Range 42 to 336 days.

Criteria for Analytic Inclusion of Data

Overall, about half of the studies (n = 46, 44.2%) did not report the minimum number of days or hours required to include a participant’s data in their analysis, although more studies using accelerometers than pedometers reported their criteria for analytic inclusion (n = 35 vs n = 23; Table 2). Of the 58 studies that reported on the minimum data needed for inclusion in analysis, there was considerable variation in the criteria used.
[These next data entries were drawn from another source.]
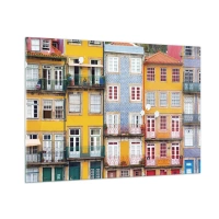 Glasbild - Bild auf glas - Bunte Fassaden von Mietshäusern mit Balkondetails - 100x70cm - Farben der Altstadt - Moderne Wanddekoration für Wohnzimmer und Schlafzimmer ARTTOR
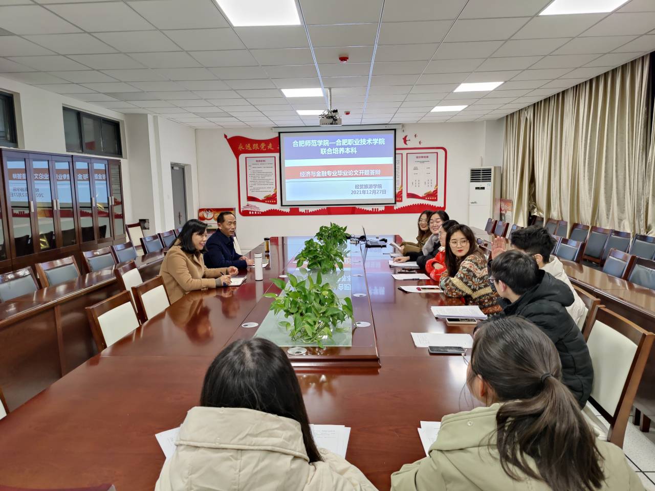 为提高人才培养质量,抓好联合培养本科生毕业论文工作,世界杯体育官方网站经济与金融专业(专升本)按照联合培养学校合肥师范学院和我校2022届本科毕业论文工作计划,于2021年12月21日——30日分批次举行了本科生毕业论文开题报告答辩会。
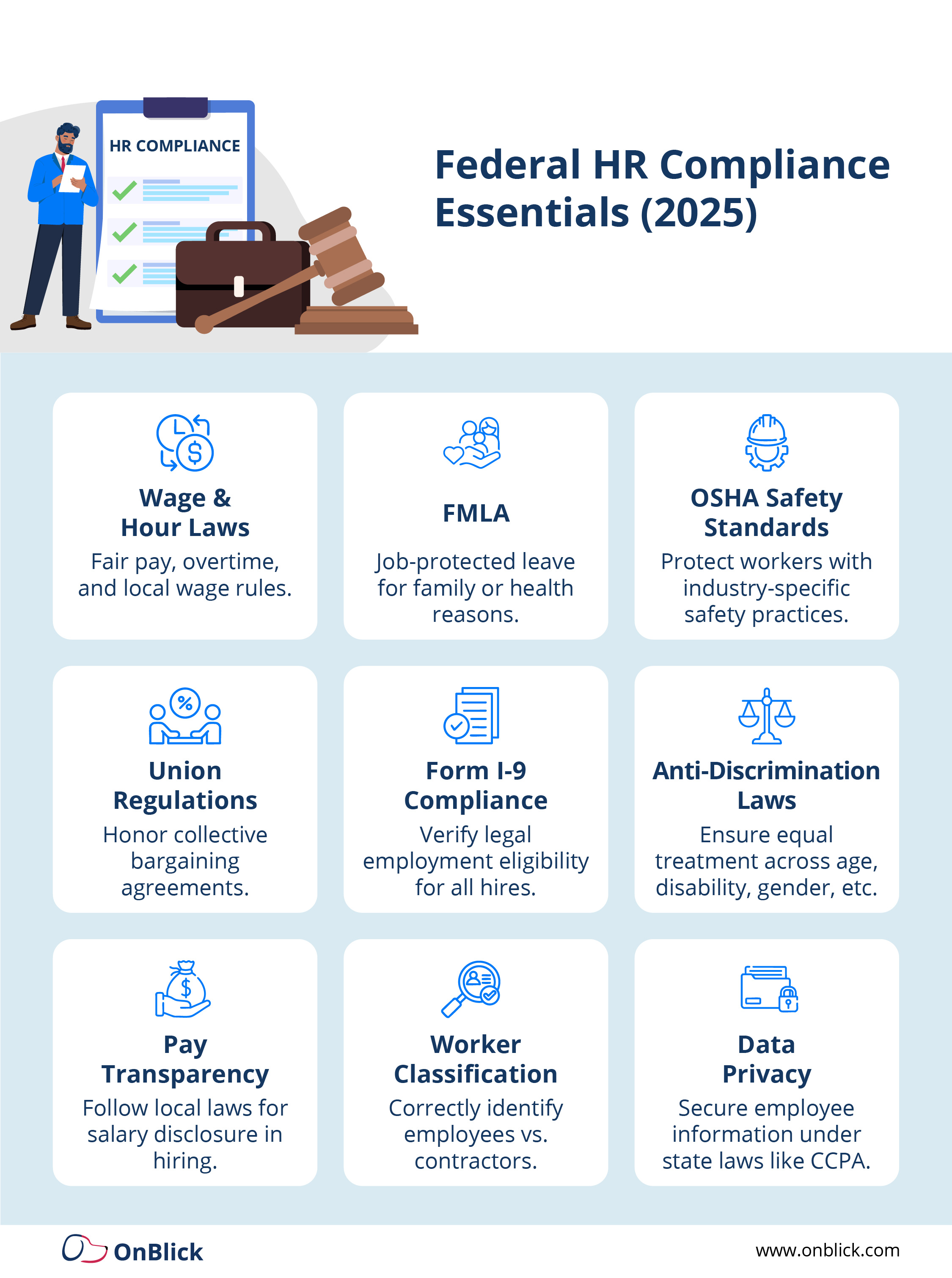 HR compliance in the U.S. is governed by a complex web of federal, state, and local regulations. While the situation continues to evolve, several foundational federal laws remain central to compliance in 2025. Understanding these laws and how they interact with regional requirements is essential for every HR professional.

Over half (n = 24, 51.1%) of the studies using accelerometers studies and over a third (n=21, 37.5%) of the studies using pedometers reported a requirement for at least 3 valid days of participant data for inclusion in the analysis. The most common set of criteria for analytic inclusion of pedometer data was 3 days (n = 6, 10.5%) and accelerometer data was 3 days with at least 10 hours of wear time (n = 7, 14.9%).

Table 2.

Criteria Used to Determine Analytic Inclusion of Physical Activity Device Outcome Data in Included Studies (n = 104), by Device Type.

Criteria Used	Studies Using Pedometers (N = 57), n (%)	Studies Using Accelerometers (N = 47), n (%)	Total Studies (N = 104), n (%)
100 steps	1 (1.8)	0 (0)	1 (1.0)
>1000 steps	1 (1.8)	1 (2.1)	2 (1.9)
6 hours	0 (0.0)	1 (2.1)	1 (1.0)
8 hours	0 (0)	1 (2.1)	1 (1.0)
10 hours	0 (0)	4 (8.5)	4 (3.8)
1 day, 4 hours	0 (0)	1 (2.1)	1 (1.0)
3 days	6 (10.5)	0 (0.0)	6 (5.8)
3 days, 100 steps	1 (1.8)	0 (0)	1 (1.0)
3 days, 1200 steps	0 (0)	1 (2.1)	1 (1.0)
3 days with highest step count	1 (1.8)	0 (0)	1 (1.0)
3 days, 6 hours	0 (0.0)	1 (2.1)	1 (1.0)
3 days, 8 hours	1 (1.8)	1 (2.1)	2 (1.9)
3 days, $8 \frac{1}{3}$ hours	0 (0)	1 (2.1)	1 (1.0)
3 days, 8 hours, 500 steps	1 (1.8)	0 (0)	1 (1.0)
3 days, 10 hours	1 (1.8)	7 (14.9)	8 (7.7)
4 days	3 (5.3)	1 (2.1)	4 (3.8)
4 days, 8 hours	0 (0)	1 (2.1)	1 (1.0)
4 days, 10 hours	0 (0)	5 (10.6)	5 (4.8)
5 days	2 (3.5)	2 (4.3)	4 (3.8)
5 days, 8 hours	1 (1.8)	1 (2.1)	2 (1.9)
5 days, 10 hours	0 (0)	2 (4.3)	2 (1.9)
6 days	1 (1.8)	0 (0.0)	1 (1.0)
7 days, 8 hours	1 (1.8)	0 (0.0)	1 (1.0)
7 days, 10 hours	0 (0)	1 (2.1)	1 (1.0)
4 weeks, 6 hours	0 (0)	1 (2.1)	1 (1.0)
All 56 days	1 (1.8)	0 (0)	1 (1.0)
Not reported	34 (59.6)	12 (25.5)	46 (44.2)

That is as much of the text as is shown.